McManus Museum: free entry and a perfect reset mid-walk

Next up is the McManus Museum, which you’re told has displays on Dundee’s history and also works as an art gallery. The big value here is that it’s free to visit. That means you can treat it like a pause button during the walk, without paying extra for the “story” part.

Even if you only do a light browse, the museum stop changes the pace from “read the street” to “see the context.” Audio tours sometimes rely on outdoor clues alone. Adding a museum is a smart correction because it gives you a deeper foundation for what you’ll hear at later monuments and named sites.

A small drawback to watch: this is a self-guided format, so the museum visit time depends entirely on you. If you’re strict on the about-1-hour-10-minute duration, do a quick focused look—otherwise it can turn into a longer detour.

The fountain carvings: earth, fire, air, water, plus local poets

Made in Dundee: A Self-Guided Audio Tour - The fountain carvings: earth, fire, air, water, plus local poets
Another stop centers on fountains with four carvings, each representing an element: earth, fire, air, and water. Here, the audio does something useful: it pairs the visual theme with a quote from a local poet or author. For water specifically, the narration points to an extract from Lunan Bay by Mary Brooksbank.
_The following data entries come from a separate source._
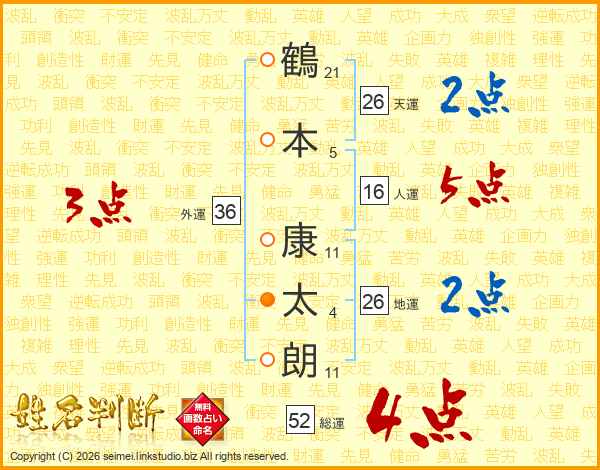 鶴(21画)本(5画) 康(11画)太(4画)朗(11画)
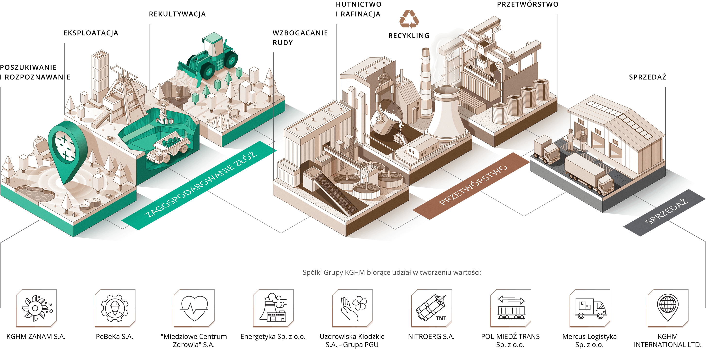 Grupa KGHM Polska Miedź S.A. jest globalną oraz innowacyjną organizacją, która prowadzi zaawansowaną technologicznie działalność poszukiwawczo-wydobywczą oraz hutniczą i posiada geograficznie dywersyfikowane portfolio projektów górniczych. Model biznesowy KGHM podzielony jest na 7 obszarów, poprzez które Grupa zapewnia pełny łańcuch tworzenia wartości, od eksploracji po sprzedaż gotowych produktów.
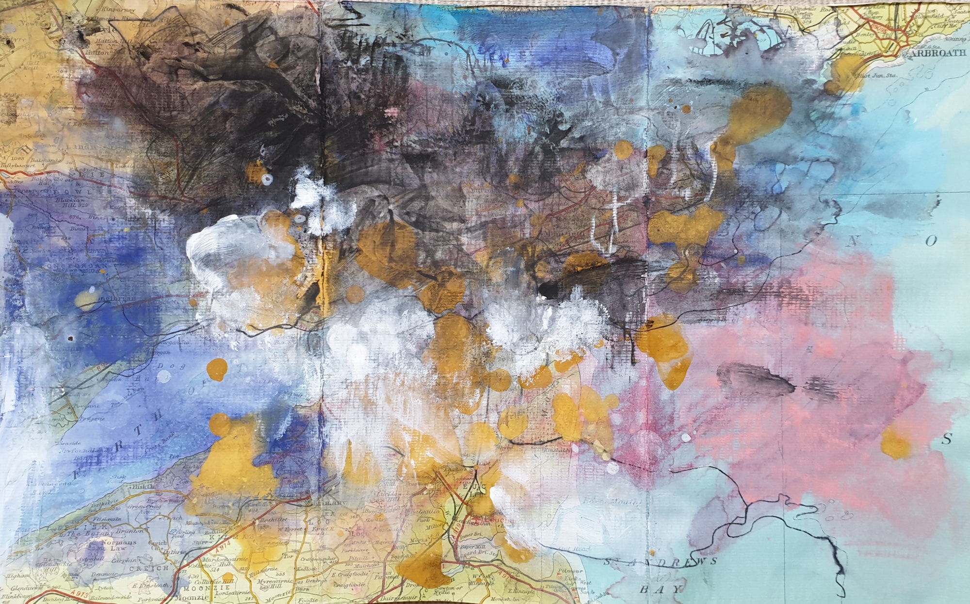 Part of a series of small pieces, that explore the idea of maps and shapes using 1950's ordinance survey maps, developed during a visit to the UK.
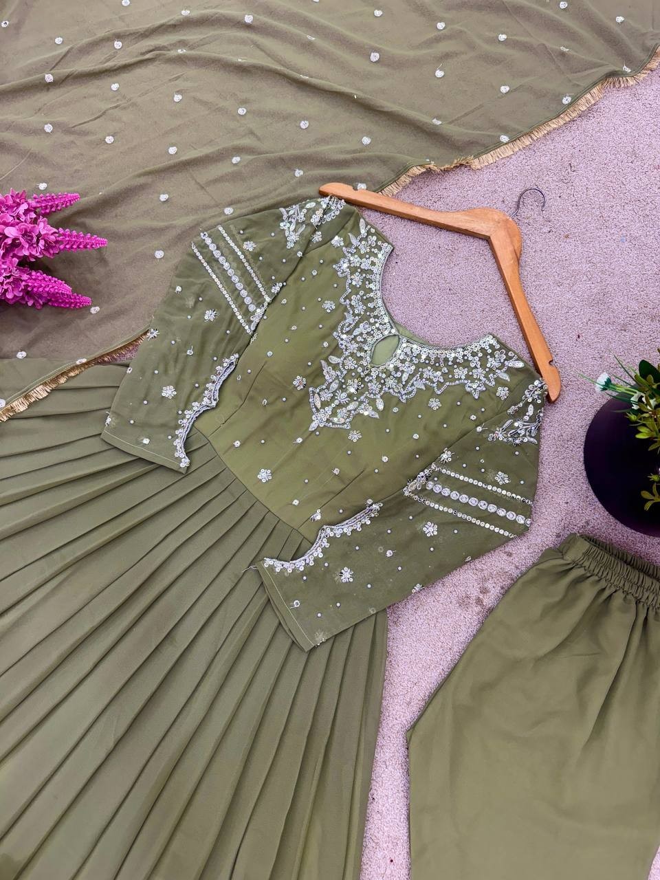 Ethnic Wear Faux Georgette Gown Bottom And Fancy Sage Green Dupatta For Wedding
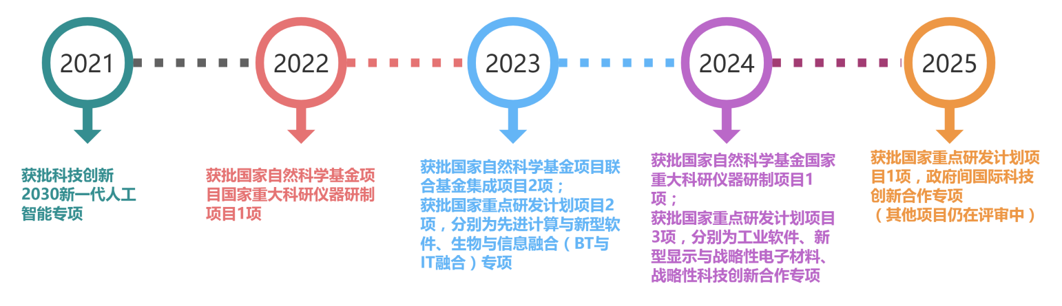 核心技术加速突破。在新一代人工智能、先进计算与新兴软件、工业软件、战略性科技创新合作、新型显示与战略性电子材料等领域承担国家重大项目。“十四五”期间国家重大重点项目立项85项,较“十三五”期间增长142.86%。
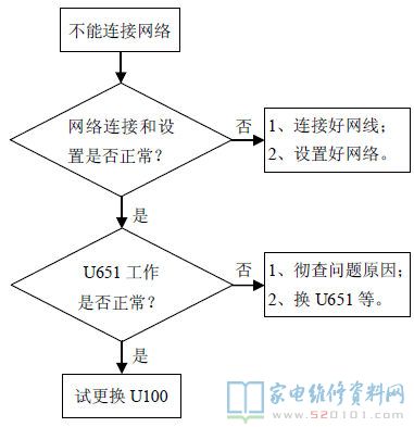对于“不能连接网络”故障,先检查网络是否连接好、设置是否正常,然后考虑隔离变压器U651是否损坏、U651输出到U100通道是否正常(对地有无短路),最后考虑主芯片U100、软件问题。

This is the kind of detail you’d almost certainly miss while just wandering. The storytelling makes the carvings feel intentional, not decorative. And because the elements are universal, the theme works even if you don’t know Dundee’s writers yet—you get why the words belong there.

Practical note: fountains can be breezy and cold depending on the day. If you’re listening on the move, you might want to stop briefly and let the audio finish a thought before you keep walking.

The tour then shifts to a more personal story tied to James Caird. The narration explains that when James Caird died, he left his younger sister a substantial fortune, and she continued many philanthropic projects. The audio specifically mentions her funding of the furnishing of Caird Hall and the building of the smaller hall next to it.

This is valuable because it explains how public spaces often get shaped by private money and local devotion, not just city planning. When you learn the “who” behind a hall or civic building, the stop becomes more than a photo opportunity—you start to see how Dundee’s public culture got supported.

In a self-guided tour, these stories are especially helpful. They act like a guide’s commentary would, but you control the pace.

Slessor Gardens: Mary Slessor and major firsts

Made in Dundee: A Self-Guided Audio Tour - Slessor Gardens: Mary Slessor and major firsts
Next comes Slessor Gardens, named after Mary Slessor. The audio shares multiple milestones, and that’s what makes this stop work. In 1997, she became the first woman on a Scottish banknote: the Clydesdale £10 note. The narration also notes the note was in circulation until recently. On top of that, Mary Slessor became the first female magistrate in the British Empire.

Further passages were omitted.